No pictures go into the copy. Write out exactly the lines below from the one containing "Florian Wellbrock of" through the one containing "All maintenance faithfully".

(Source data)
<<<<
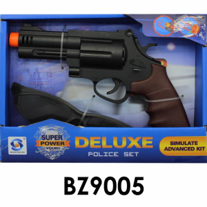 Pisztoly, elemes(gombelem benne), hangot ad és világít, szemüveggel, 19×14 cm dobozban
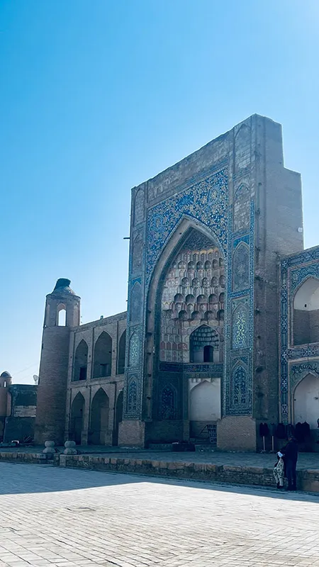 Bukhara ne surprinde cu ziduri mari, cladiri vechi si noi. In razele soarelui la apus, parca vezi in zare caravane ce vin sa-si etaleze marfurile, poposind in Caravan Saray -urile de la marginea orasului. In acest miraj se rescriu povesti de curaj si de iubire din vremuri trecute, ce dainuie pana in zilele noastre, trecand peste toate obstacolele timpului. Ramanem dusi de vantul desertului si intram in complexul Poi Kalon, un cartier intreg de madrase, moschei si un labirint de bazaruri. In mijloc, ascunsa bine, sta cea mai veche moschee, Magoki Attori, singurul loc de rugaciune al vremurilor apuse, un exemplu de unitate spirituala. Aici se rugau musulmanii in ziua de vineri, evreii sambata si crestinii duminica.
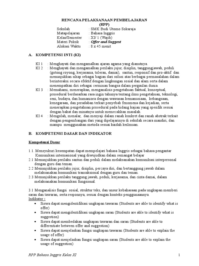 RPP Bahasa Inggris Kelas XI
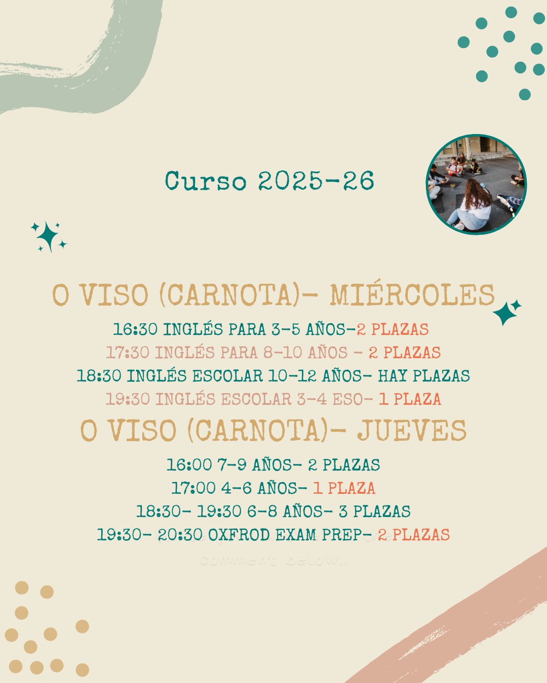 Llámanos o whatsapp 677157233 para consultar disponibilidad de los grupos.
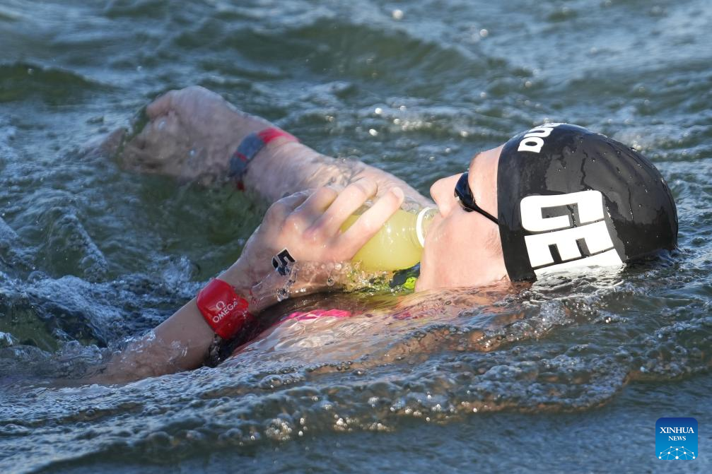 Florian Wellbrock of Germany takes a drink during the men's 10km of marathon swimming at the Paris 2024 Olympic Games in Paris, France, on Aug. 9, 2024. (Xinhua/Xue Yuge)
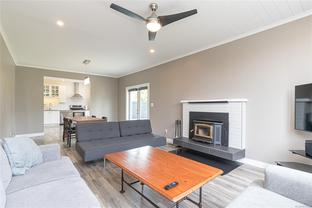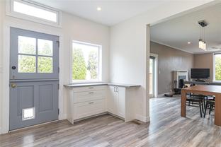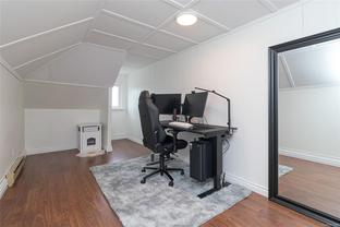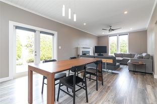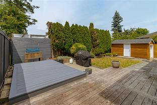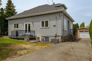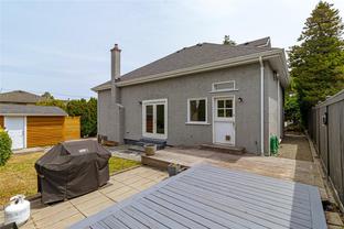 All maintenance faithfully adhered to with supporting documents available! Two full bathrooms on each floor, four very good size bedrooms, recent very tidy renovations and a super convenient location. High ceilings, wide hallways, very attractive lighting as well. Recent updates include: Heat pump, roof, entry porch, metal railings, vinyl decking, windows, a spa inspired main floor bath, beautiful flooring, wood stove insert (heat with wood during the wet, windy and chilly winter months!) A 2025 chimney sweep/fireplace inspection, designer kitchen featuring quartz countertops and slow close cabinetry, high end LG laundry equipment, professional house cleaning, professional landscape tune up. French doors lead to a level and private backyard, ideal for al fresco entertaining with new paint on rear deck. Tech talk! Cat6 ethernet wiring (gigabit speed) and Telus fibre cable connected. Feel confident living peacefully in this gem of a home, one of the oldest in the area by far. Accessible crawl space, high ceilings, open concept living, a detached and insulated (with power) single garage, level yard and plenty of parking. Currently, direct bus to UVIC. Quick possession is possible as well. You will love this home that def feels much larger than it's approx. 2000 square feet. Amazing! Call now for a private tour.
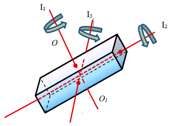 The mechanism of orientation of spinners by friction is discussed in detail in the classical course by Levi Civita and Amaldi (see Reference [17]). Friction force dictates the orientation of the axis of rotation for a variety of tops, and thus decreases the number of rotational degrees of freedom in the system [15,16,17]. A rectangular parallelepiped falling through air, depicted in Figure 7, supplies another illustrative example of the orientation of a rotator by air friction forces. Owing to the viscous friction, the body chooses to rotate around the main axis OO1, corresponding to the maximal moment of inertia [18]. This orientation effect leads to the generation of negentropy in a system of rotators.
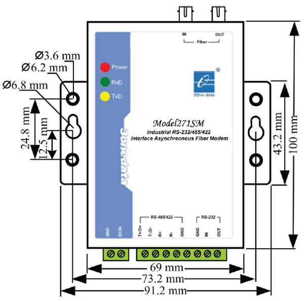 The Model271 Series serial to fiber optic converter is equipped with a multiple interface circuit that can handle RS-232, or RS-422/485 serial interfaces and multi-mode or single- mode fiber. Model271 converters are used to extend serial transmission distance up to 2-5 km (multi-mode fiber) or up to 20-120 km (single- mode fiber). Note that the RS-232 and RS-422/485 interfaces cannot be used on the same Model271 at the same time.
>>>>
Problem solution:
 Florian Wellbrock of Germany takes a drink during the men's 10km of marathon swimming at the Paris 2024 Olympic Games in Paris, France, on Aug. 9, 2024. (Xinhua/Xue Yuge)
 All maintenance faithfully adhered to with supporting documents available! Two full bathrooms on each floor, four very good size bedrooms, recent very tidy renovations and a super convenient location. High ceilings, wide hallways, very attractive lighting as well. Recent updates include: Heat pump, roof, entry porch, metal railings, vinyl decking, windows, a spa inspired main floor bath, beautiful flooring, wood stove insert (heat with wood during the wet, windy and chilly winter months!) A 2025 chimney sweep/fireplace inspection, designer kitchen featuring quartz countertops and slow close cabinetry, high end LG laundry equipment, professional house cleaning, professional landscape tune up. French doors lead to a level and private backyard, ideal for al fresco entertaining with new paint on rear deck. Tech talk! Cat6 ethernet wiring (gigabit speed) and Telus fibre cable connected. Feel confident living peacefully in this gem of a home, one of the oldest in the area by far. Accessible crawl space, high ceilings, open concept living, a detached and insulated (with power) single garage, level yard and plenty of parking. Currently, direct bus to UVIC. Quick possession is possible as well. You will love this home that def feels much larger than it's approx. 2000 square feet. Amazing! Call now for a private tour.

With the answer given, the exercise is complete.